- **Stored dataset items**
*** Block opens ***
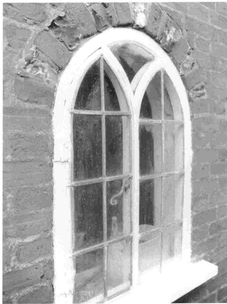
FIG. 127 – The ground-floor window at Stoke Ash.
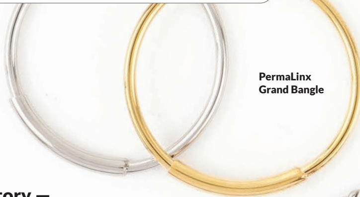
PermaLinx Grand Bangle
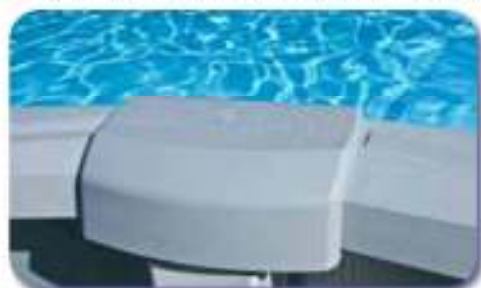
Stylish Resin Coping Connectors
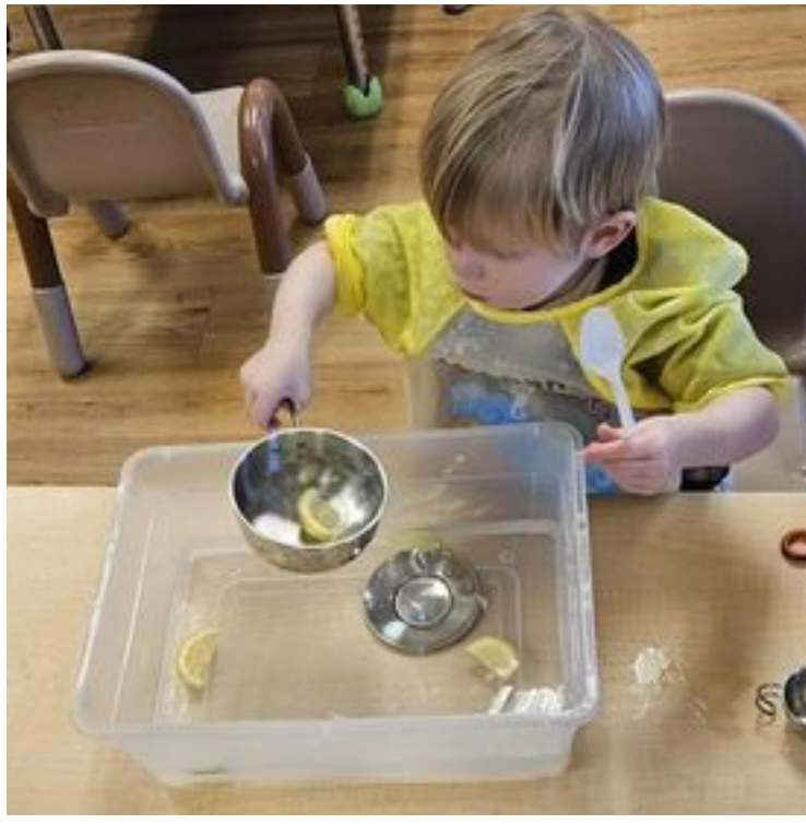
Making "lemonade" in this water sensory experience.
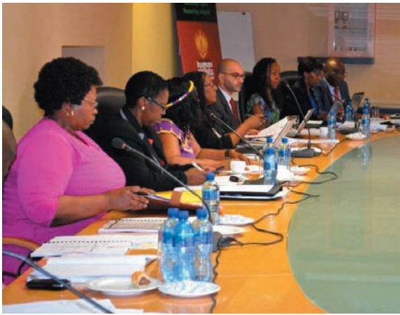
Members of the Forum for Institutions Supporting Democracy deliberating on key strategic issues
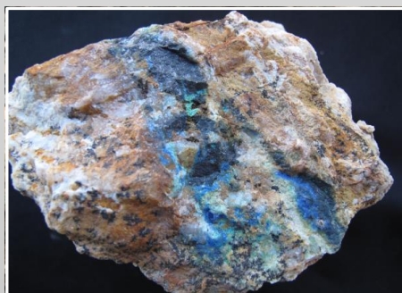
BONITA PROJECT, NV Jurassic Copper-Gold alkalic porphyry
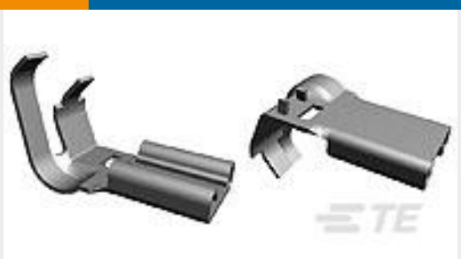
TE Part #1742626-1 250 FASTON,FLAG,REC.,16-14 AWG, NPST
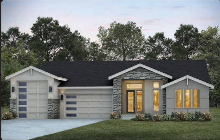
Elevation B - MODERN

3 Bedrooms | Den / Flex Space | 2.5 Baths | 2 Car + RV Garage
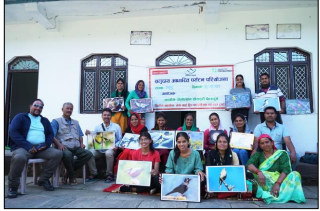
SPECIALIZED BIRDWATCHING TRAINING IN MAKKUMATH CLUSTER
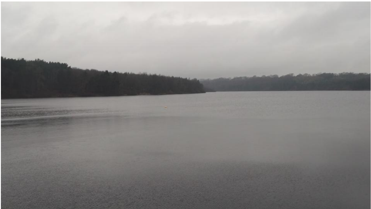
Swinsty Reservoir, on the banks of which Fewston village lies.
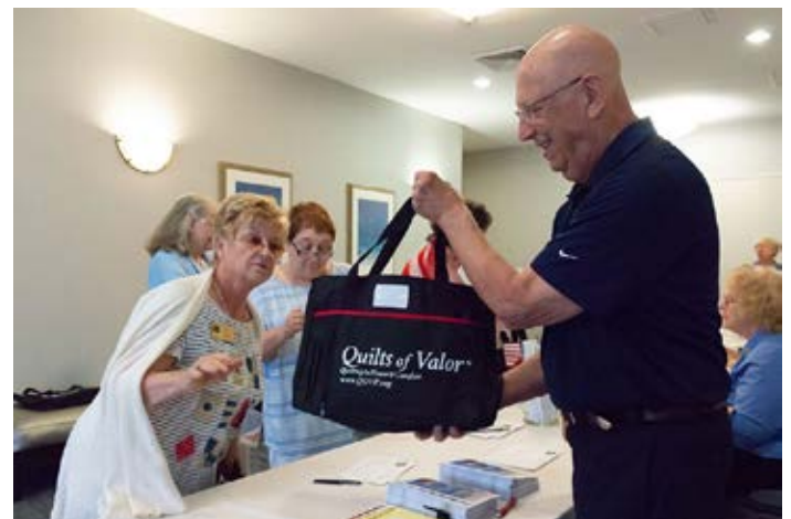
Conference registration is a busy hub as participants check in.
*** Block closes ***
- **Goal of the exercise**
Set down every line of the entries above again, exactly as written, but not the pictures.

- **Worked solution**
FIG. 127 – The ground-floor window at Stoke Ash.
PermaLinx Grand Bangle
Stylish Resin Coping Connectors
Making "lemonade" in this water sensory experience.
Members of the Forum for Institutions Supporting Democracy deliberating on key strategic issues
BONITA PROJECT, NV Jurassic Copper-Gold alkalic porphyry
TE Part #1742626-1 250 FASTON,FLAG,REC.,16-14 AWG, NPST
Elevation B - MODERN

3 Bedrooms | Den / Flex Space | 2.5 Baths | 2 Car + RV Garage
SPECIALIZED BIRDWATCHING TRAINING IN MAKKUMATH CLUSTER
Swinsty Reservoir, on the banks of which Fewston village lies.
Conference registration is a busy hub as participants check in.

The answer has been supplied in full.